+++ RAW DATA +++

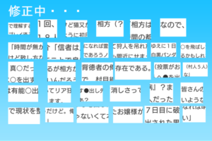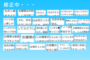 も、もう疲れて勉強するのは無理だ。最後に今後の課題としてどうしても書いておきたいことがあるので記しておきます。私は主語や述語、修飾語などを考えながら並べていません。思いつくまま書き殴っているため無茶苦茶です。例えば『DADWプレイ日記116!頑張って占い師2』の冒頭は以下のようになっていました。個人の主観なので本気にしないでください。
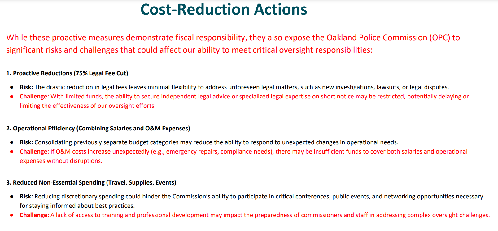 Last Thursday, the Oakland Police Commission laid out a bleak budgetary future that will have its budget pared down to 6 figures in a latest round of cuts. The proposed cuts come after several previous reductions over the budget initially proposed in the FY 23-25 budget passed in June of 2023. As the City’s poor budget prospectus has come into focus, the OPC and the two bodies it oversees, the Community Police Review Agency [CPRA] and the Office of the Inspector General [OIG], have seen their budgets slashed—at the mid-cycle in July, then in November due to the adoption of the City’s “contingency” budget, and now in a third round of cuts imposed by the City Administrator in the Mayoral interim. All told the Police Commission and its oversight bodies face an over 70% cut from what was initially proposed a year and a half ago.
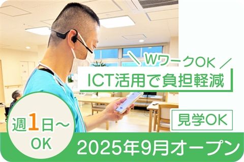 週1回以上で相談OK♪1夜勤2万9200円~3万0800円★Wワーク可!2025年9月オープンの新しい施設◇ICT活用で負担軽減【印旛郡・酒々井駅/京成酒々井駅・特養・介護職、夜勤アルバイト】

+++

YOUR GOAL: Wherever an image sits in the data, omit it; everything else must be copied exactly.

FINISHED TASK:
 も、もう疲れて勉強するのは無理だ。最後に今後の課題としてどうしても書いておきたいことがあるので記しておきます。私は主語や述語、修飾語などを考えながら並べていません。思いつくまま書き殴っているため無茶苦茶です。例えば『DADWプレイ日記116!頑張って占い師2』の冒頭は以下のようになっていました。個人の主観なので本気にしないでください。
 Last Thursday, the Oakland Police Commission laid out a bleak budgetary future that will have its budget pared down to 6 figures in a latest round of cuts. The proposed cuts come after several previous reductions over the budget initially proposed in the FY 23-25 budget passed in June of 2023. As the City’s poor budget prospectus has come into focus, the OPC and the two bodies it oversees, the Community Police Review Agency [CPRA] and the Office of the Inspector General [OIG], have seen their budgets slashed—at the mid-cycle in July, then in November due to the adoption of the City’s “contingency” budget, and now in a third round of cuts imposed by the City Administrator in the Mayoral interim. All told the Police Commission and its oversight bodies face an over 70% cut from what was initially proposed a year and a half ago.
 週1回以上で相談OK♪1夜勤2万9200円~3万0800円★Wワーク可!2025年9月オープンの新しい施設◇ICT活用で負担軽減【印旛郡・酒々井駅/京成酒々井駅・特養・介護職、夜勤アルバイト】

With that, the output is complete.